**What to do**
Return nothing but the lines from the one with "Qui troverai tutte" through the one with "Amazing opportunity to" in the data below, word for word and without pictures.

**Source material**
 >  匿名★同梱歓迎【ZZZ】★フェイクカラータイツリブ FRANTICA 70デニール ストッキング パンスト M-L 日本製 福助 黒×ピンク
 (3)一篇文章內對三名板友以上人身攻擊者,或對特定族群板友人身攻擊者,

---

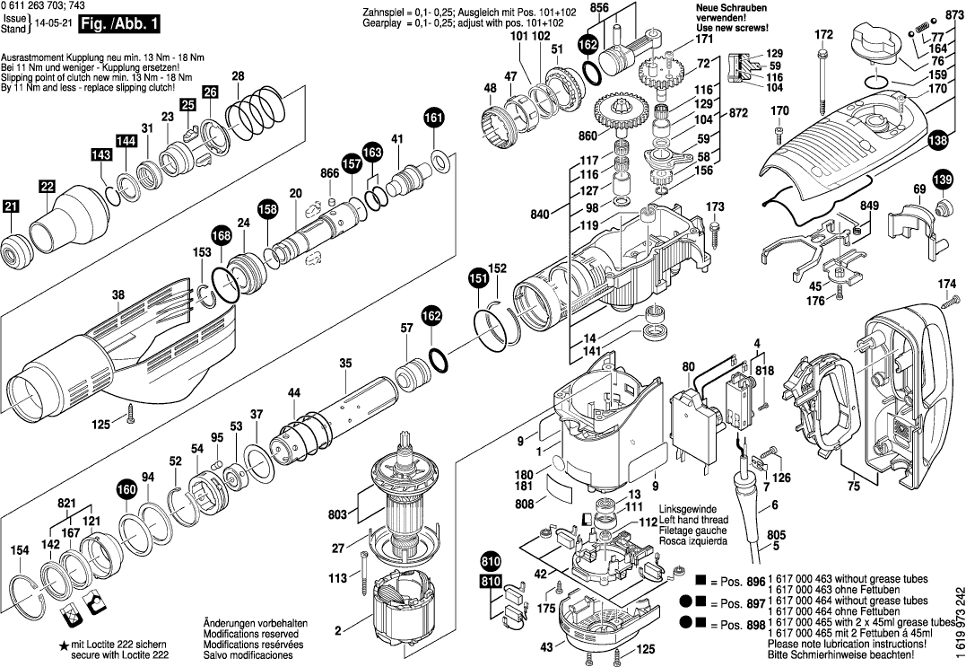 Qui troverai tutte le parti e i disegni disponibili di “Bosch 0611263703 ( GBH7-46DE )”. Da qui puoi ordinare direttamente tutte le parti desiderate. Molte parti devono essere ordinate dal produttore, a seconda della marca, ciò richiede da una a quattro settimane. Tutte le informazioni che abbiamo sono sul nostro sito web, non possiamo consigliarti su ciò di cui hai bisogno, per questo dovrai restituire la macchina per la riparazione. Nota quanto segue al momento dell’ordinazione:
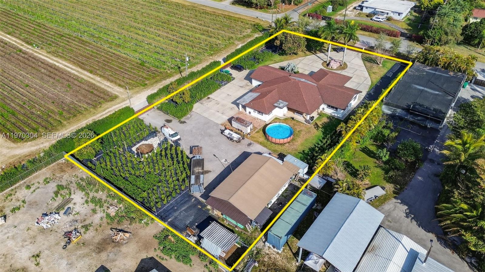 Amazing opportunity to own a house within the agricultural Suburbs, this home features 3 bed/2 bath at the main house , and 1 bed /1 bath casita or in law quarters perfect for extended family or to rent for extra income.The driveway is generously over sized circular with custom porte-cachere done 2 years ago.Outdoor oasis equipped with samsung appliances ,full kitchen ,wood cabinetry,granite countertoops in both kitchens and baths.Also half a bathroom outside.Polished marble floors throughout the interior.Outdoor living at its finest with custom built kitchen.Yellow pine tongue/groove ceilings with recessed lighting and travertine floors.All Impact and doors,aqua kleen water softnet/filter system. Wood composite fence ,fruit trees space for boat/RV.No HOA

**Problem solution**
 Qui troverai tutte le parti e i disegni disponibili di “Bosch 0611263703 ( GBH7-46DE )”. Da qui puoi ordinare direttamente tutte le parti desiderate. Molte parti devono essere ordinate dal produttore, a seconda della marca, ciò richiede da una a quattro settimane. Tutte le informazioni che abbiamo sono sul nostro sito web, non possiamo consigliarti su ciò di cui hai bisogno, per questo dovrai restituire la macchina per la riparazione. Nota quanto segue al momento dell’ordinazione:
 Amazing opportunity to own a house within the agricultural Suburbs, this home features 3 bed/2 bath at the main house , and 1 bed /1 bath casita or in law quarters perfect for extended family or to rent for extra income.The driveway is generously over sized circular with custom porte-cachere done 2 years ago.Outdoor oasis equipped with samsung appliances ,full kitchen ,wood cabinetry,granite countertoops in both kitchens and baths.Also half a bathroom outside.Polished marble floors throughout the interior.Outdoor living at its finest with custom built kitchen.Yellow pine tongue/groove ceilings with recessed lighting and travertine floors.All Impact and doors,aqua kleen water softnet/filter system. Wood composite fence ,fruit trees space for boat/RV.No HOA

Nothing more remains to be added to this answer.